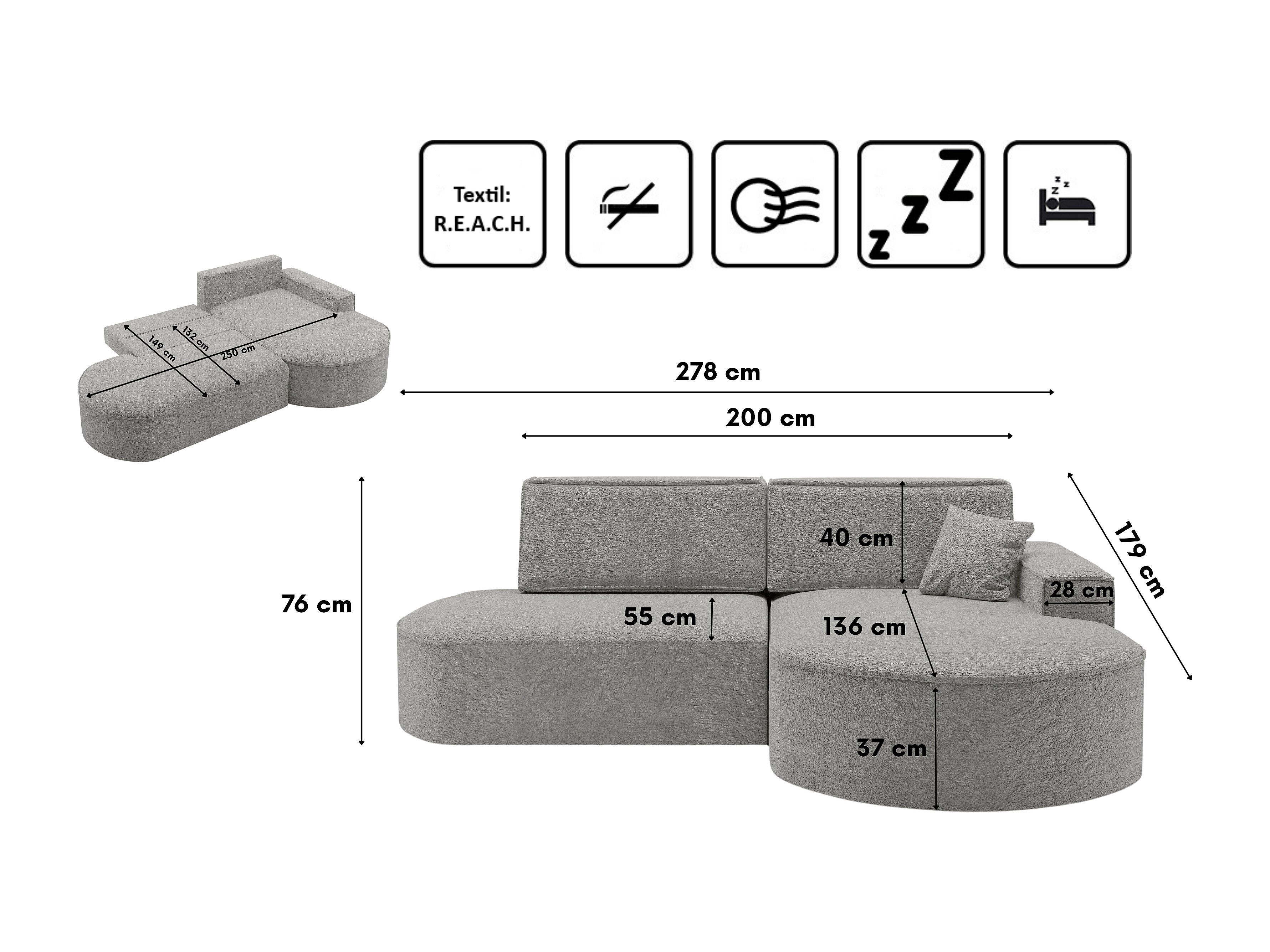 Canapé d'angle Modena Pro - confort et style dans un design moderne tissu Arena Grey Right
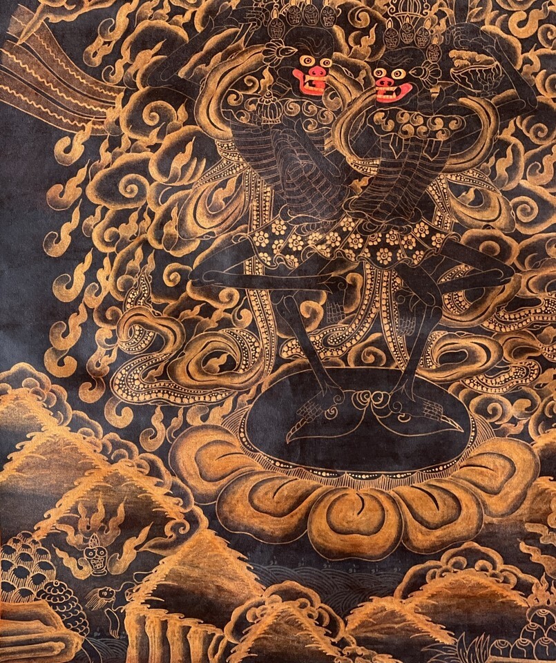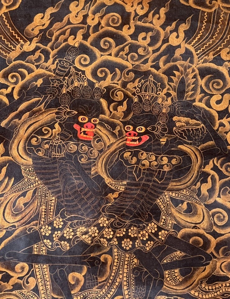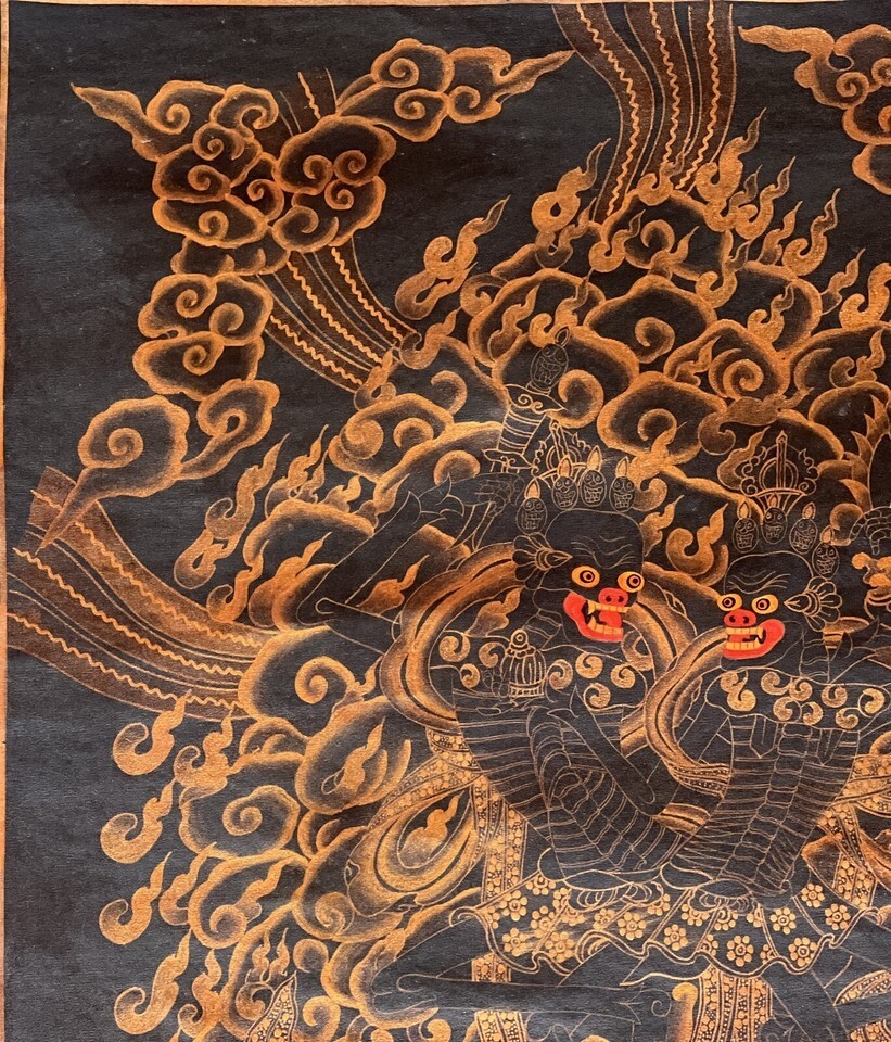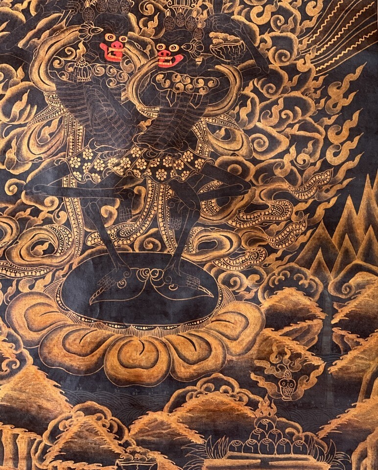 - CITIPATI/ DANCING SKELETON/ OIL-VARNISHED TIBETAN THANGKA PAINTING SILK FRAMED
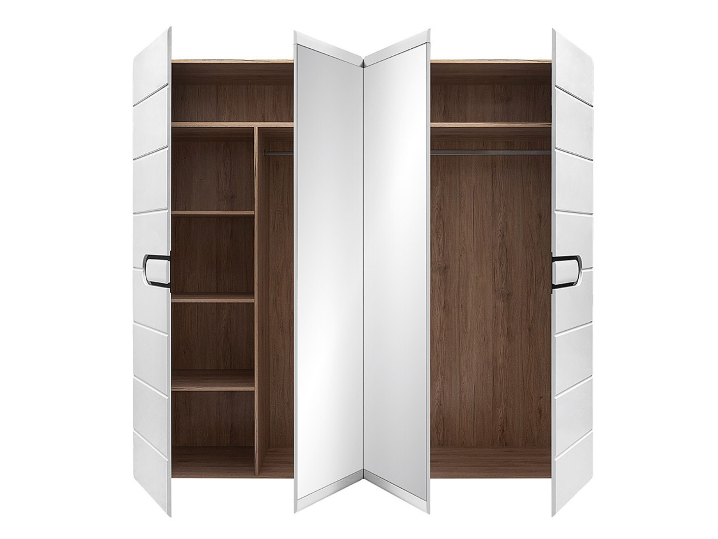 Priestranná šatníková skriňa Byron SZF2D2L/21/22 vo farebnej kombinácii dub san remo svetlý a biely vysoký lesk.
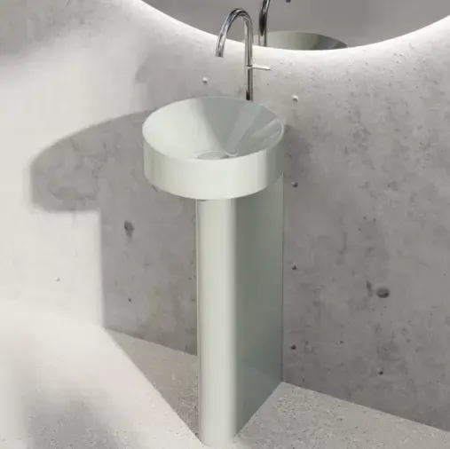 Техническая консультация: Умывальник для настенного монтажа, без перелива, со штоковым клапаном и подходящей по цвету застекленной крышкой слива. Раковина и пьедестал изготовлены из глазурованной титановой стали.
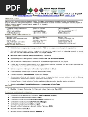 Projects Manager Resume Pmp Itil V 2 Service Manager Itil V 3
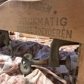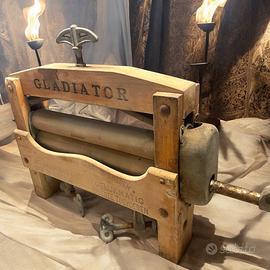 C’era una volta il lunedì del bucato… Il profumo del sapone di Marsiglia aleggiava nell’aria, mescolandosi a quello dei panni stesi al sole. In un angolo della stanza, grande e instancabile, troneggiava questo grande strizzapanni manuale Gladiator, testimone di un tempo in cui il bucato era un rituale condiviso, quasi solenne. Le mani esperte delle donne lo giravano con ritmo deciso, mentre i rulli stringevano le stoffe, lasciando cadere l’acqua in una bacinella sotto al tavolo. Realizzato in legno massello e metallo pesante, è un oggetto importante per dimensioni e presenza, e gira ancora con sorprendente fluidità - è stato usato anche di recente, le ruote sono sporche di olio). I rulli sono in ottimo stato, antitarlo già fatto. Sulla struttura in legno compare con fierezza il nome del marchio: GLADIATOR. Sulla parte frontale, una scritta in olandese recita: “I rulli di questo strizzapanni sono garantiti 1 anno per uso domestico normale. Un’altra scritta invita a distribuire il bucato in modo uniforme: “Inserire il bucato distribuendolo uniformemente su tutta la larghezza.” Queste indicazioni ci raccontano non solo la lingua dei suoi utenti originari (fiamminghi), ma anche la cura e l’attenzione con cui veniva spiegato il funzionamento, per evitare errori e garantire una lunga vita allo strumento. Un oggetto perfetto per chi ama il fascino autentico del passato: ideale come elemento decorativo in una lavanderia vintage, una bottega creativa o una scenografia d’epoca. Ingombro totale cm 74 x 40 x 15, molto pesante, il prezzo comprende spedizione dedicata su piccolo bancaletto.
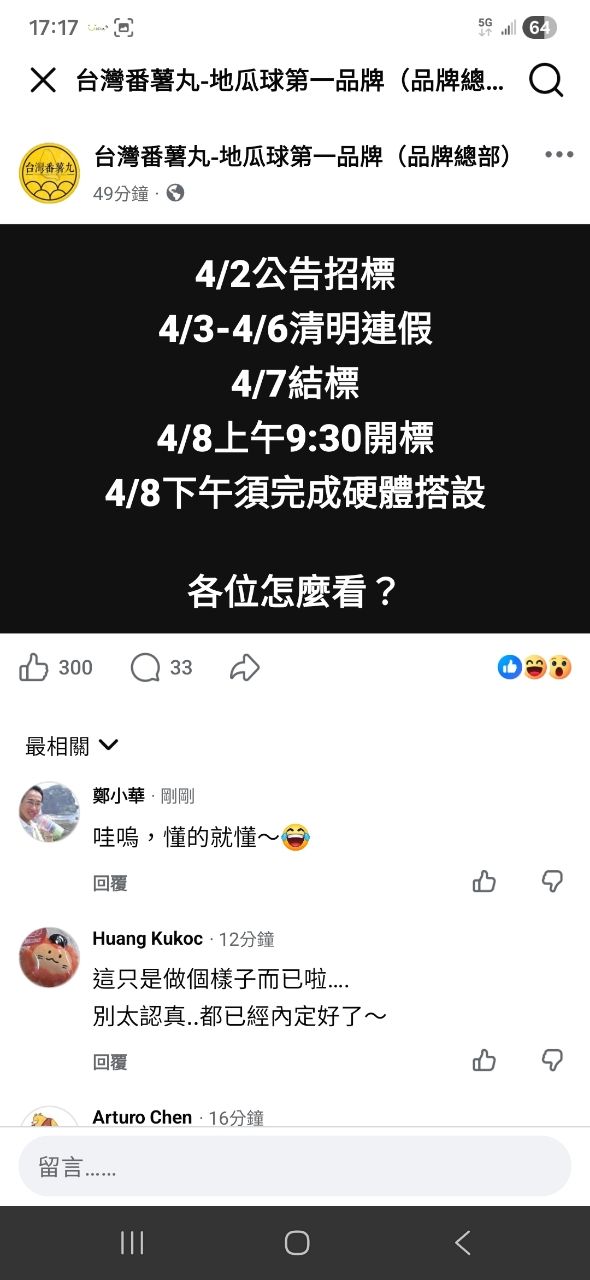 然後又依據台灣蕃薯丸(獅隊合作店家)粉專資訊,體育局4/8早上開標,下午就要完成
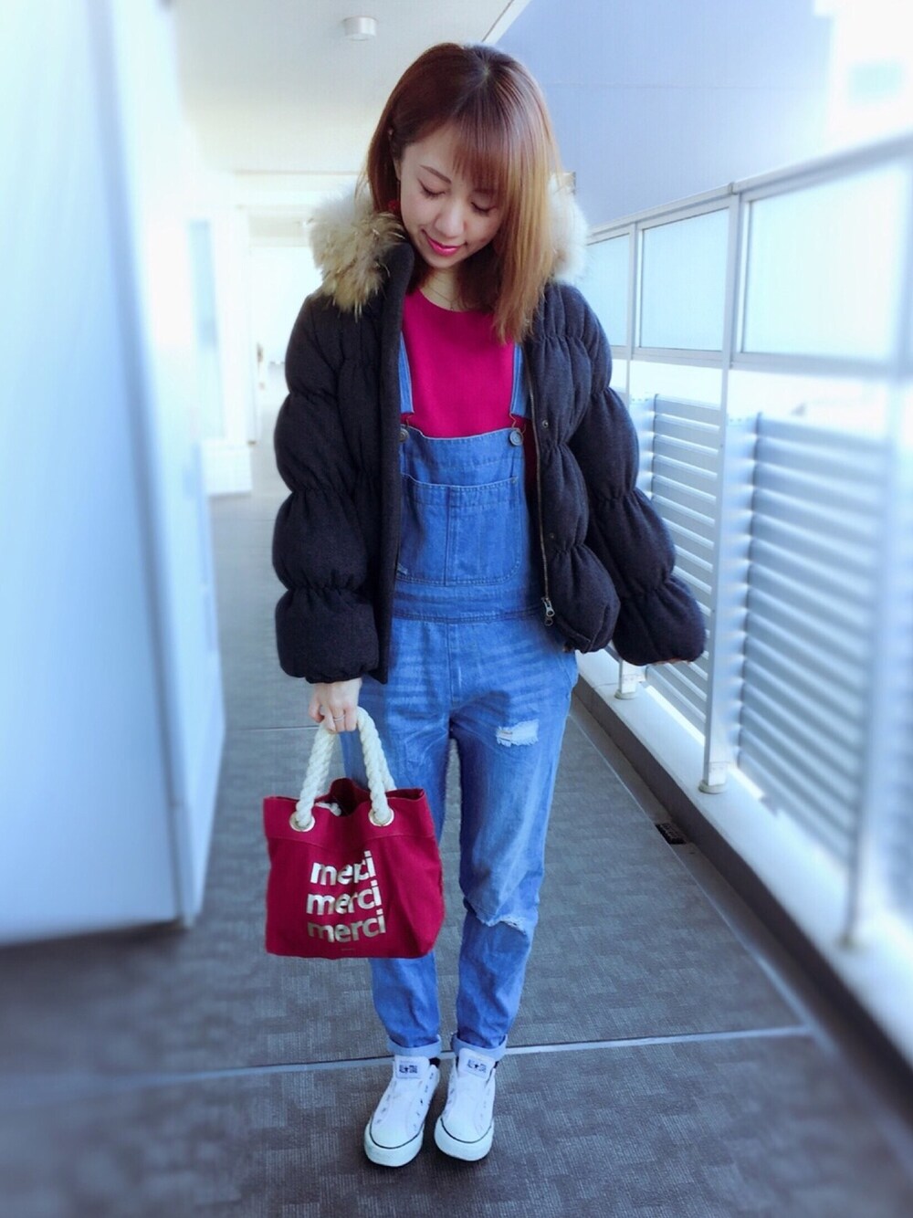 ご覧いただきありがとうございます😊 昨日のご近所お出かけコーデです♪ 自転車に乗ることが多かったので 動きやすさ重視🚴♀️🌈 デニムサロペ‼️ お久しぶり☺️💕💕 クラッシュ部分が寒かった😂💫 ボンレスハムみたいなダウンコート また着ちゃいました♡♡♡
——————————
Action item: Could you set down nothing but the lines from the one containing "然後又依據台灣蕃薯丸(獅隊合" through the last line of the records above, both ends included, exactly as given and free of pictures?

Response area:
 然後又依據台灣蕃薯丸(獅隊合作店家)粉專資訊,體育局4/8早上開標,下午就要完成
 ご覧いただきありがとうございます😊 昨日のご近所お出かけコーデです♪ 自転車に乗ることが多かったので 動きやすさ重視🚴♀️🌈 デニムサロペ‼️ お久しぶり☺️💕💕 クラッシュ部分が寒かった😂💫 ボンレスハムみたいなダウンコート また着ちゃいました♡♡♡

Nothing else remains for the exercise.